[Input for this task]

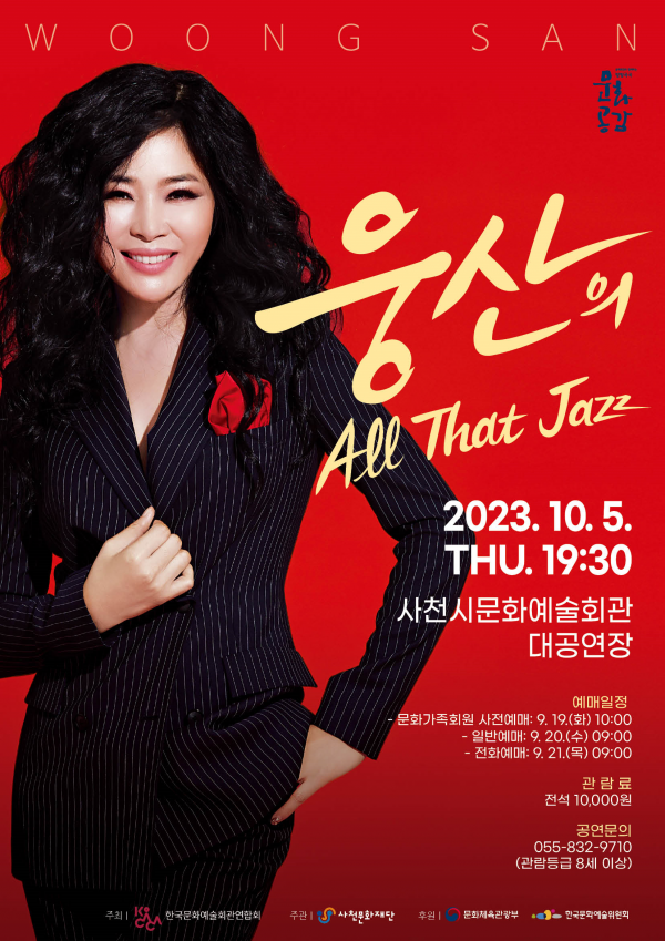 사천문화재단은 오는 10월 5일 오후 7시 30분 사천시문화예술회관 대공연장에서 콘서트 ‘웅산 All That Jazz’를 선보인다고 14일 밝혔다.
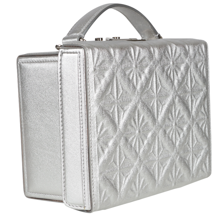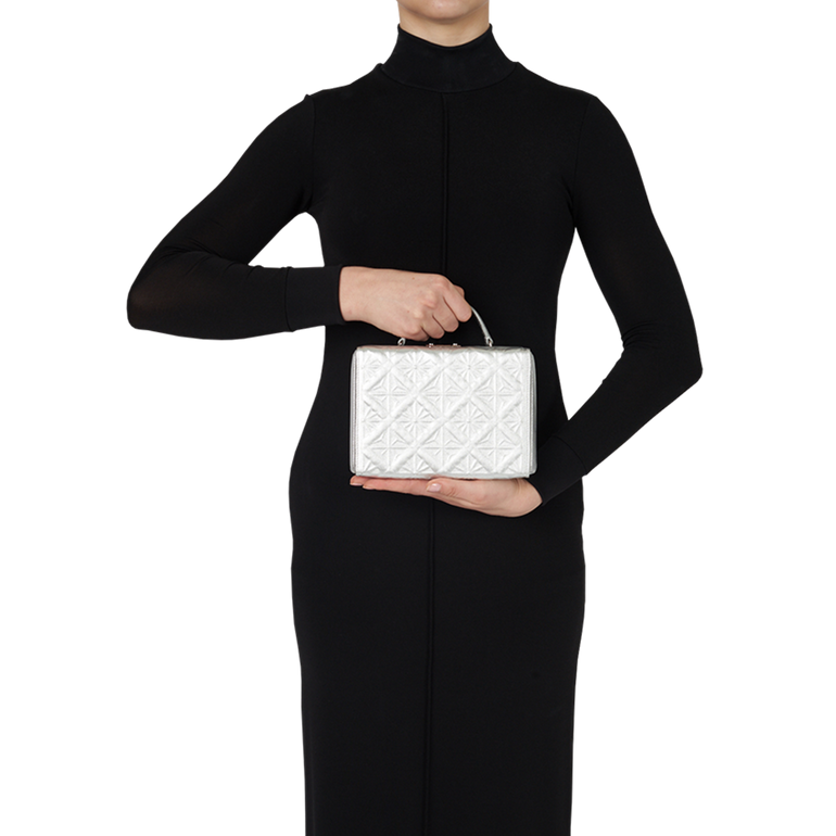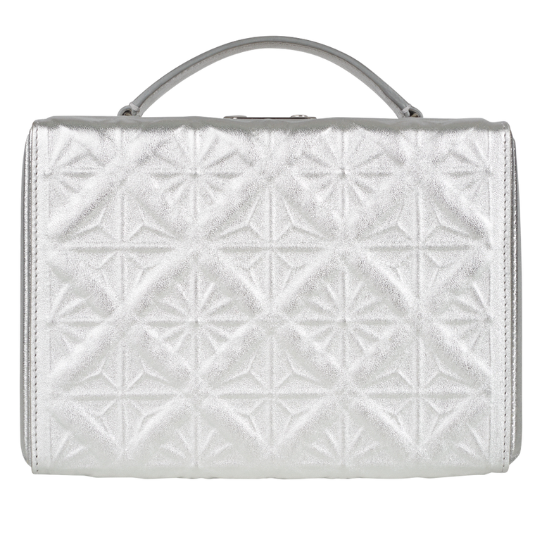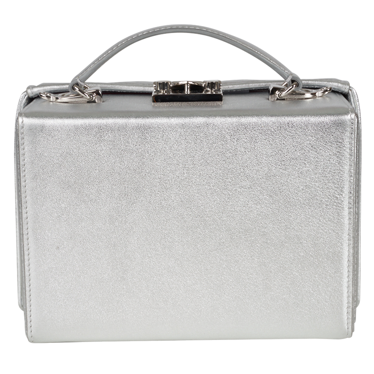 Top-handle bag, structured silhouette, adjustable and detachable crossbody strap, signature Grace lock with key, detachable key hood, internal zip pocket, protective metal feet.
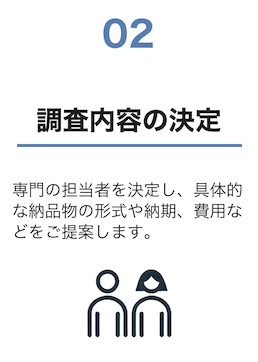 A. 納品物には、情報の出典元やインタビューの相手先を明確に記載し、透明性を確保しております。また、必要に応じて同一調査を複数の調査員で実施することで、調査結果の精度と信ぴょう性をさらに高める取り組みを行っております。
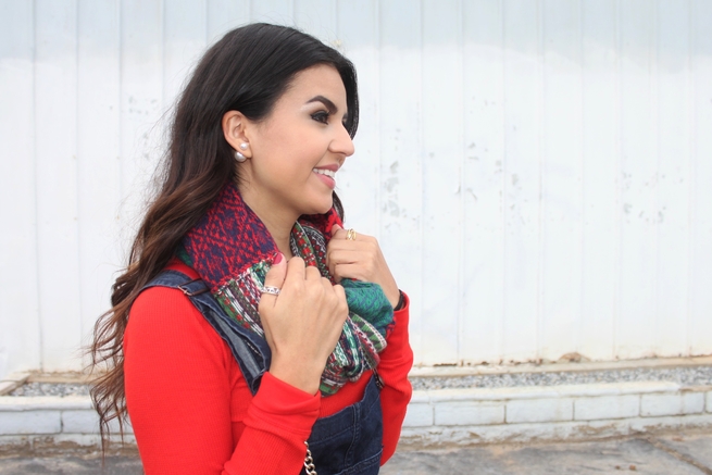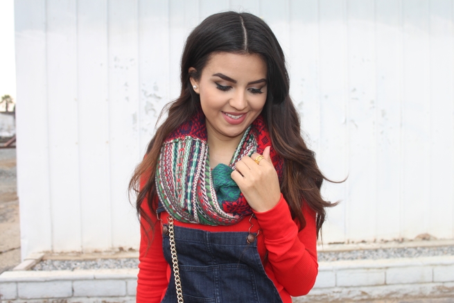 Top- Target | Overalls- Articles of Society c/o | Bag- Rebecca Minkoff | Snood- H&M (old, Simi,ar styles available in store) | Shoes- Shoemīnt | Earrings- Itchelita Jewelry c/o |
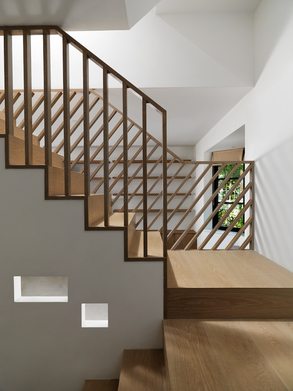 «Η παραδοσιακή γραμμική οργάνωση των row houses, -ξεχωριστοί χώροι που διαδέχονται ο ένας τον άλλον- επαναπροσδιορίζεται, ώστε τελικά οι χώροι να διατάσσονται κυκλικά μεταξύ τους. Τα ξύλινα κιγκλιδώματα είναι ελαφρώς κεκλιμένα, φιλτράροντας έτσι την οπτική φυγή από την είσοδο και ενεργοποιώντας το χώρο του κλιμακοστασίου, ακόμα και όταν δεν χρησιμοποιείται».
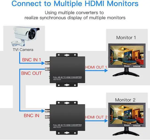4. Using multiple converters support realize synchronous display of multiple monitors.

[Exercise brief] Begin at the line containing "παραδοσιακή γραμμική οργάνωση" and copy every line through the end of the data above exactly, omitting the pictures.

[Response]
 «Η παραδοσιακή γραμμική οργάνωση των row houses, -ξεχωριστοί χώροι που διαδέχονται ο ένας τον άλλον- επαναπροσδιορίζεται, ώστε τελικά οι χώροι να διατάσσονται κυκλικά μεταξύ τους. Τα ξύλινα κιγκλιδώματα είναι ελαφρώς κεκλιμένα, φιλτράροντας έτσι την οπτική φυγή από την είσοδο και ενεργοποιώντας το χώρο του κλιμακοστασίου, ακόμα και όταν δεν χρησιμοποιείται».
4. Using multiple converters support realize synchronous display of multiple monitors.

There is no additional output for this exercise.